» **Activity**:
Write out only the lines from the start of the entries up to and including the line with "Magnitude difference (ΔΜ)"; please skip the pictures.

» **Given information**:
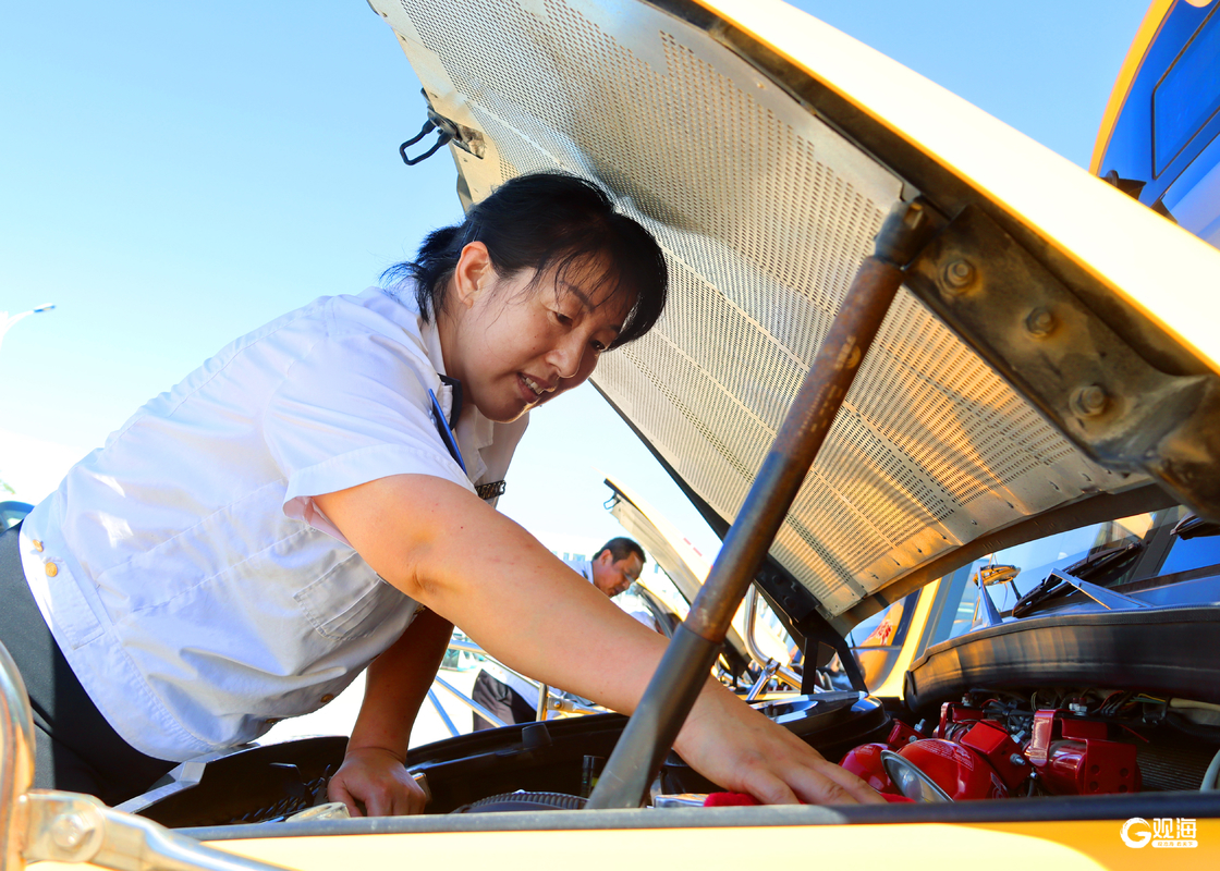 “鲁BT1211右前刹车软管松动漏气,现场完成修复;鲁UA8886左前立柱润滑管裂痕,开进车间进行更换……”在青岛城运西海岸交发集团修理厂,一辆辆校车先后开上检车台,接受开学前的“体检”,检车员、维修工头顶烈日、互相配合,及时处理检出的问题。
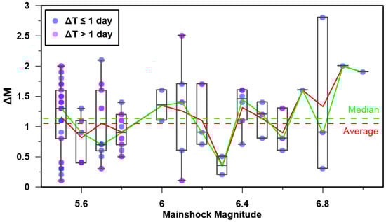 Magnitude difference (ΔΜ) between the mainshock and its largest aftershock. Dashed green and red lines correspond to the median and average ΔΜ, respectively.
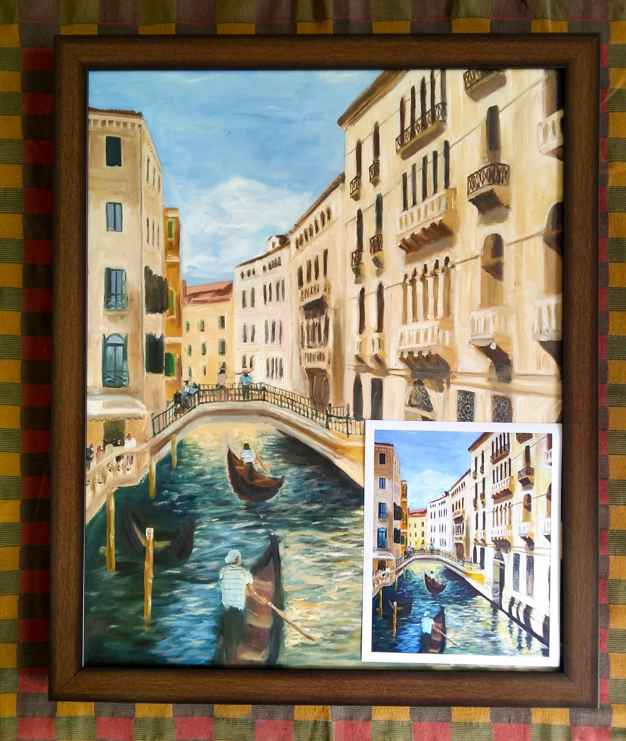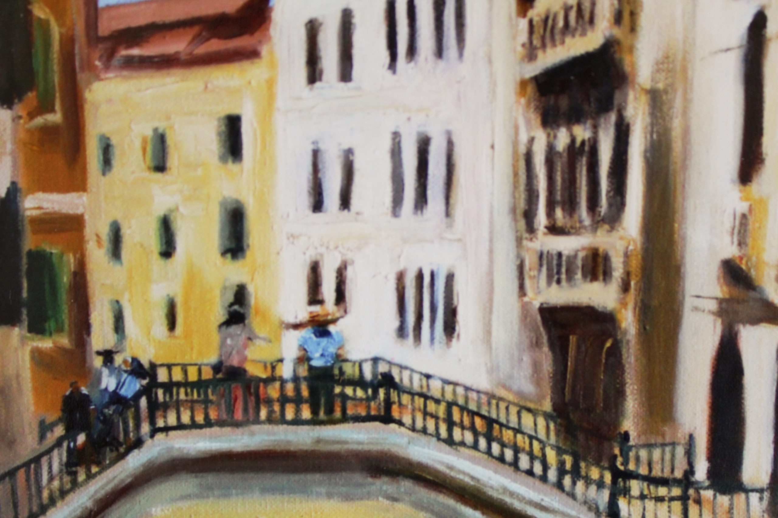 Fine art print of the original artwork ‘Venice’ portrays the breathtaking architecture, hustling tourists, boats, bridges and the magnificent canal of Venice in an Impressionistic style.
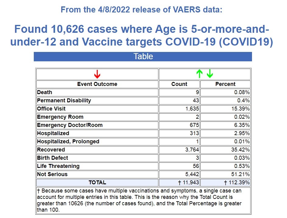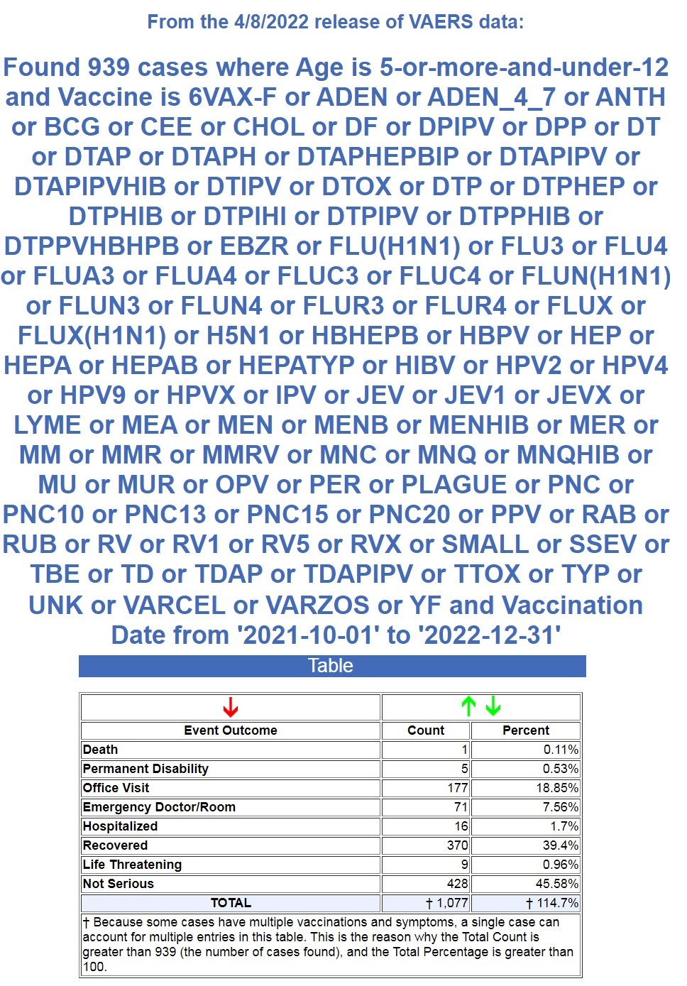 1000% Increase in Vaccine Deaths and Injuries Following Pfizer COVID-19 EUA Vaccine for 5 to 11 Year Olds
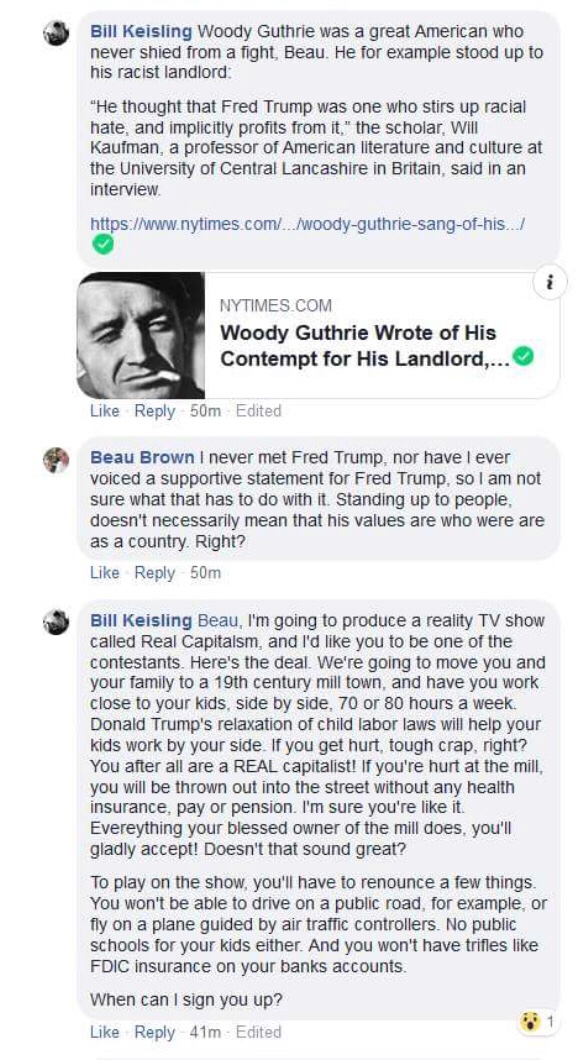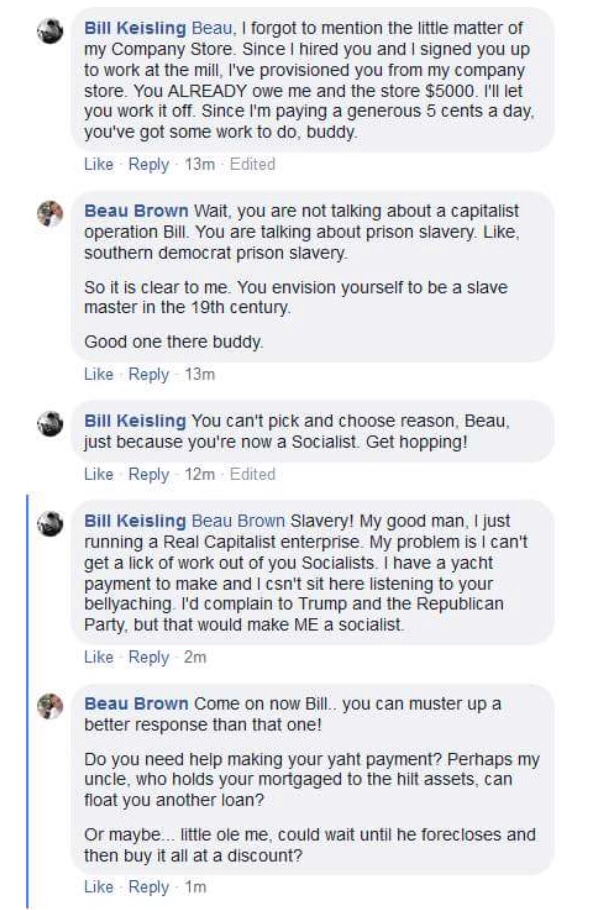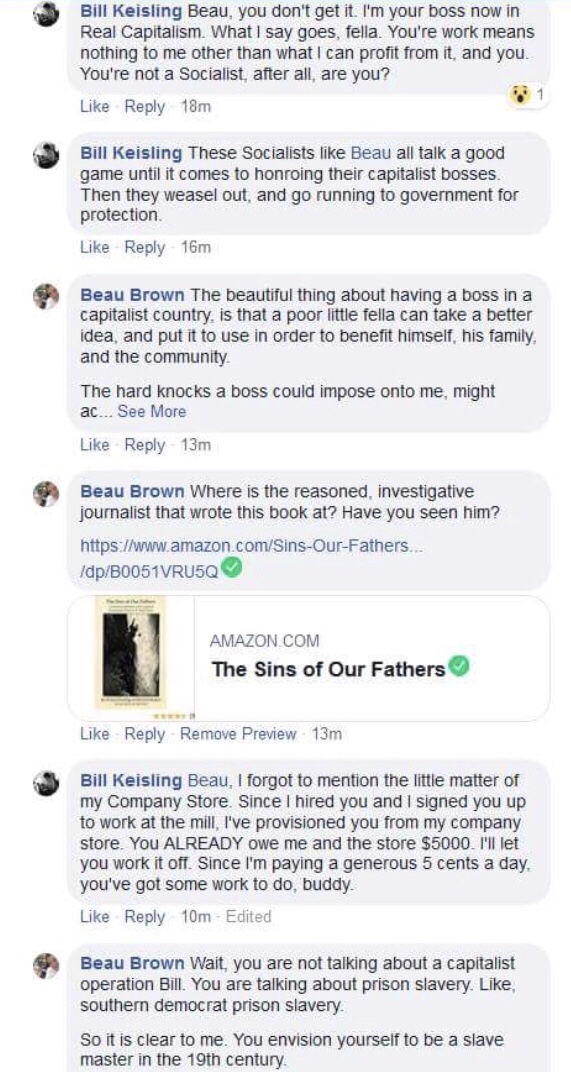 Keisling espouses extreme socialist rhetoric and in a hypothetical scenario he suggests a game show, where he identifies as a capitalist southern slave master in attempt to bait Brown into submitting to the socialist/communist ideology.
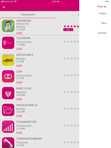 جميع تطبيقات Telekom في مكان واحد.مع سوق Telekom، يمكنك تصفح جميع تطبيقاتنا واكتشف أحدث تطبيقات Telekom، وكذلك تطبيقات شركائنا.في الوقت نفسه، ستبقى جيدا، بفضل المعاينات التفصيلية والاختبارات الدقيقة لجميع التطبيقات.قم بتنزيل سوق Telekom واحصل على إشعارات لجميع أحدث تطبيقات Telekom!
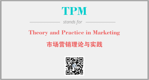 上述内容是“Theory and Practice in Marketing”作为“TPM”的缩写,解释为“市场营销理论与实践”时的信息,以及英文缩略词TPM所代表的英文单词,其对应的中文拼音、详细解释以及在英文中的流行度和相关分类、应用领域及应用示例等。
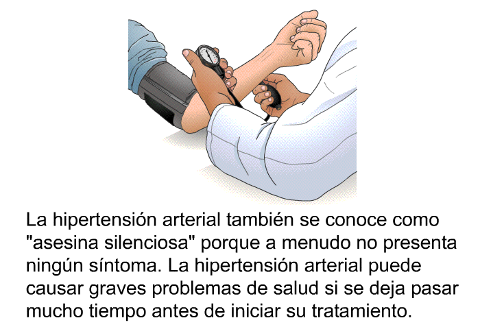 La hipertensión arterial también se conoce como “asesina silenciosa” porque a menudo no presenta ningún síntoma. La hipertensión arterial puede causar graves problemas de salud si se deja pasar mucho tiempo antes de iniciar su tratamiento.

» **Result of this task**:
 “鲁BT1211右前刹车软管松动漏气,现场完成修复;鲁UA8886左前立柱润滑管裂痕,开进车间进行更换……”在青岛城运西海岸交发集团修理厂,一辆辆校车先后开上检车台,接受开学前的“体检”,检车员、维修工头顶烈日、互相配合,及时处理检出的问题。
 Magnitude difference (ΔΜ) between the mainshock and its largest aftershock. Dashed green and red lines correspond to the median and average ΔΜ, respectively.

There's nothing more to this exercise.